Does OBV work on forex if there is no real volume there?

It works, but with an important caveat. Forex is a decentralised over-the-counter market, so there is no single counter that would total every trade on a given pair in real time. That is why MetaTrader 4 and MetaTrader 5 compute OBV from tick volume, the number of quote changes within a candle. This measures quoting activity at your broker, not capital actually traded. On liquid pairs tick volume correlates fairly well with real turnover, which is why OBV is fit for spotting divergence and confirming a trend. It should not, however, be treated as a hard measure of institutional capital or as the sole argument for an entry.
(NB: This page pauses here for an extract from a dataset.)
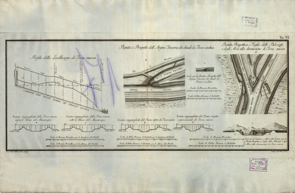 "SALVATORE PICCIOLI ING. DELINEO'. COSIMO ZOCCHI INCISE. Pianta della Val di Chiana eseguita in seguito alla perizia composta di Benedetto Passionei, Pio Fantoni matematico, Andrea Vici ingegnere e Domenico Sardi ingegnere, delegati dello Stato Pontificio e il Conte Federico da Montauto, Pietro Ferroni e GiuseppeSalvetti ingegnere, commissari del Gran Duca di Toscana. Incisione su rame. Scala grafica in canne fiorentine e in canne romane. Annesse n. 7 tavole delle stesse dimensioni con vari profili a scale varie disegnate da Capretti A. e da Giu. Bald. Puliti, incise da C. Colombini B. Eredi, Gio. Batta Cecchi e G. Vascellini."

How do you interpret an OBV divergence?

A divergence forms when price and the OBV line move in opposite directions. A bearish divergence appears when price draws another higher high while OBV makes a lower top than before — this suggests less activity behind the new peak, so the rise may be weak. A bullish divergence is the mirror image: price drops to a new low while OBV makes a higher trough, pointing to fading selling pressure. In both cases OBV is only a warning, not a ready trading signal. A sensible trader looks for independent confirmation, such as a candlestick pattern at support or resistance, before even thinking about an entry.